- Your task -
Across the whole listing, copy out every line that includes the string "dobro".

════════════════════

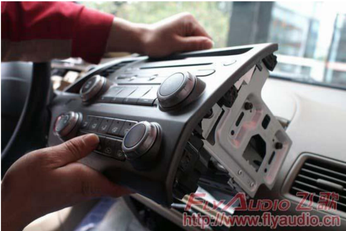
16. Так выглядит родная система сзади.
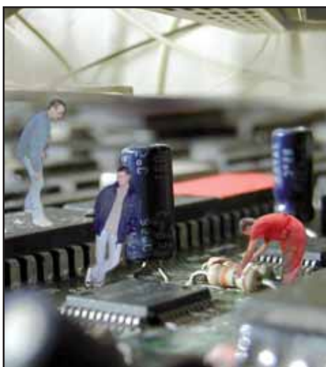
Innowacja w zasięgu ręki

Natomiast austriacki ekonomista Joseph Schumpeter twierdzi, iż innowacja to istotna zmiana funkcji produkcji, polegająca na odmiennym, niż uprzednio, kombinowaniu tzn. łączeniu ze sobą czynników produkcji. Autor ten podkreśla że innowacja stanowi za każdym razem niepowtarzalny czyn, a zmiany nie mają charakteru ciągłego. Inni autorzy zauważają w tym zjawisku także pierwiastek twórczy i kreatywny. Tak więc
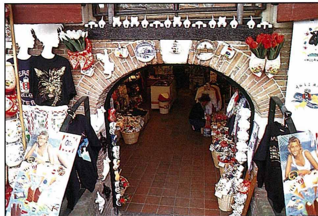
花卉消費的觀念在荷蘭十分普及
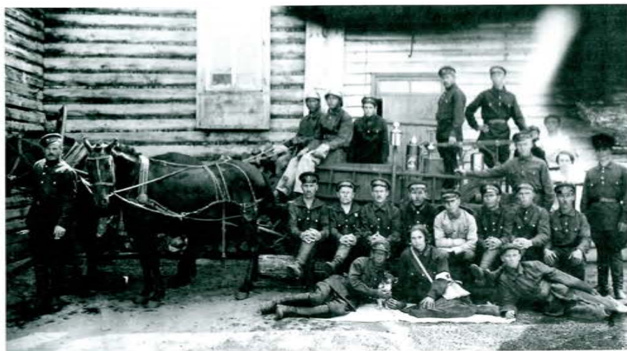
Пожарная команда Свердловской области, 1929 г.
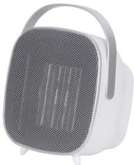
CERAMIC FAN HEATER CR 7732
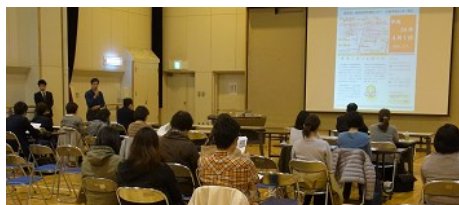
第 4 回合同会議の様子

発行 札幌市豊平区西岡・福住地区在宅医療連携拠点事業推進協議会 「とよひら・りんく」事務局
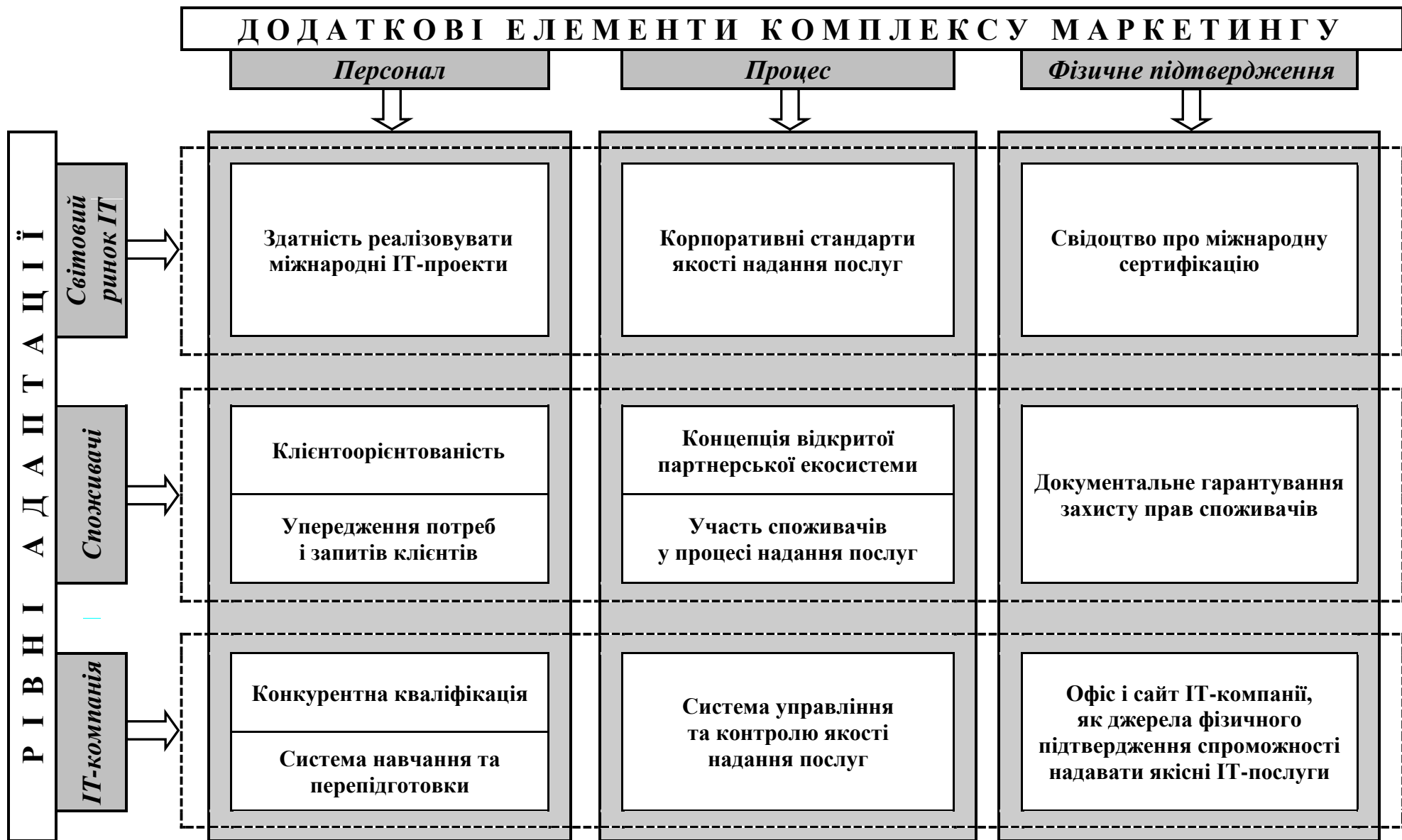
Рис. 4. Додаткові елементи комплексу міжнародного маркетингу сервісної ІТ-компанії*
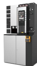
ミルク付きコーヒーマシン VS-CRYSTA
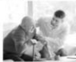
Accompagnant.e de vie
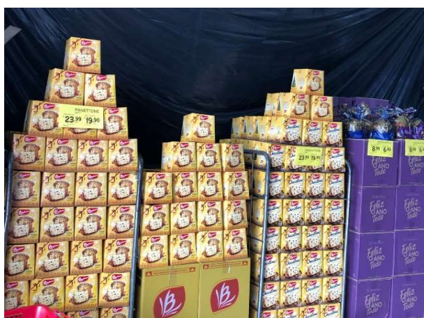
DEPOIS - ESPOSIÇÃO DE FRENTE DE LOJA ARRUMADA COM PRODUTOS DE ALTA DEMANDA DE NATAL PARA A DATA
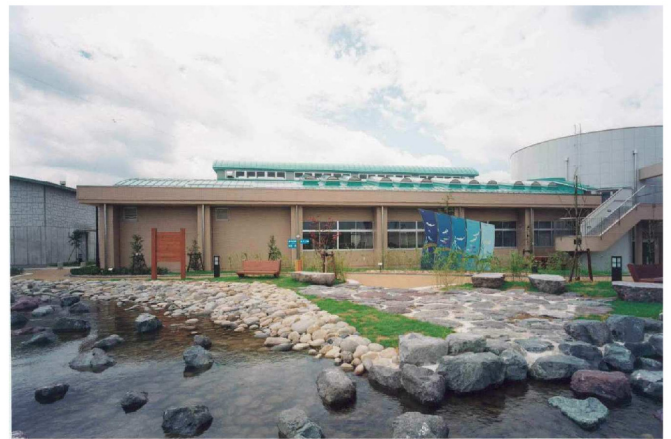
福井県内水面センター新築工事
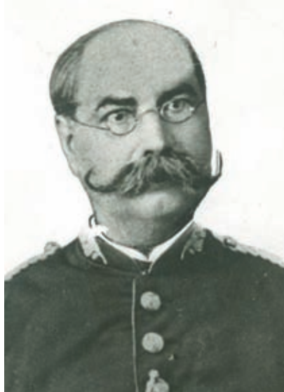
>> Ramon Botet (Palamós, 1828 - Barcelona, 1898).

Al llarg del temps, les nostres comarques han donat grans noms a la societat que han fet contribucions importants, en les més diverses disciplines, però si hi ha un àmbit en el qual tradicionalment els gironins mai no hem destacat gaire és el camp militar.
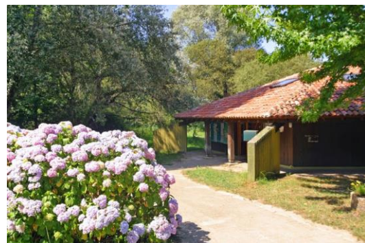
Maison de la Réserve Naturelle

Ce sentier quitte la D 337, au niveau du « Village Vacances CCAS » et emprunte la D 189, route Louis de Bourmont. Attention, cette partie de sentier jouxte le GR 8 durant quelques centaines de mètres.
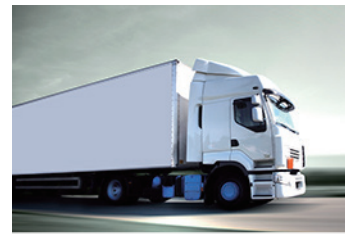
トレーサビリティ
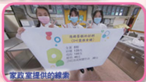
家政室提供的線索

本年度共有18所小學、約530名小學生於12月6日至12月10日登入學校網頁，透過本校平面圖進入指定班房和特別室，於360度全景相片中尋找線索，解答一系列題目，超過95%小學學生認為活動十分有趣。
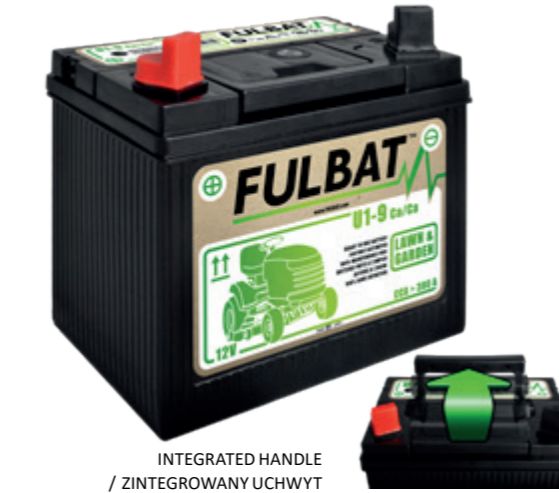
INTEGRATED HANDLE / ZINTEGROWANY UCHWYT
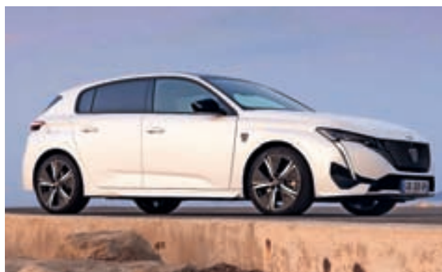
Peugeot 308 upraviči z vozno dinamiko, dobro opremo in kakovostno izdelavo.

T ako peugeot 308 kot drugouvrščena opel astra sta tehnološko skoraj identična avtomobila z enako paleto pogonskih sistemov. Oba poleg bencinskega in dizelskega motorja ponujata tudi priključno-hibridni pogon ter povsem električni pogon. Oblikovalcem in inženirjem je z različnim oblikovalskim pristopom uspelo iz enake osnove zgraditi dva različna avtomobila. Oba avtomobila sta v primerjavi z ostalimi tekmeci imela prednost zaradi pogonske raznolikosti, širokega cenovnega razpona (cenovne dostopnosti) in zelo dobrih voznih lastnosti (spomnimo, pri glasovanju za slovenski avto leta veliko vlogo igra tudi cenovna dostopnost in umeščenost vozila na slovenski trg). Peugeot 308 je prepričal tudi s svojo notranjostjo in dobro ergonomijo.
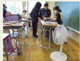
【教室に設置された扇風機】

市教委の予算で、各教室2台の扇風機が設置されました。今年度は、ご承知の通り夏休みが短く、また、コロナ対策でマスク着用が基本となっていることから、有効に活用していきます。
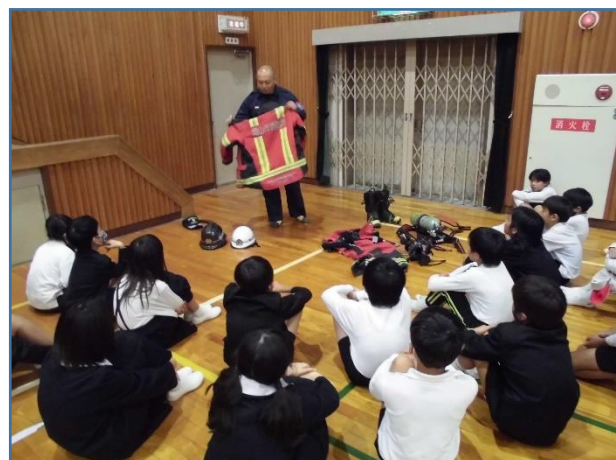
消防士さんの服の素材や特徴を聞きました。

════════════════════

- Answer to the problem -
Peugeot 308 upraviči z vozno dinamiko, dobro opremo in kakovostno izdelavo.
T ako peugeot 308 kot drugouvrščena opel astra sta tehnološko skoraj identična avtomobila z enako paleto pogonskih sistemov. Oba poleg bencinskega in dizelskega motorja ponujata tudi priključno-hibridni pogon ter povsem električni pogon. Oblikovalcem in inženirjem je z različnim oblikovalskim pristopom uspelo iz enake osnove zgraditi dva različna avtomobila. Oba avtomobila sta v primerjavi z ostalimi tekmeci imela prednost zaradi pogonske raznolikosti, širokega cenovnega razpona (cenovne dostopnosti) in zelo dobrih voznih lastnosti (spomnimo, pri glasovanju za slovenski avto leta veliko vlogo igra tudi cenovna dostopnost in umeščenost vozila na slovenski trg). Peugeot 308 je prepričal tudi s svojo notranjostjo in dobro ergonomijo.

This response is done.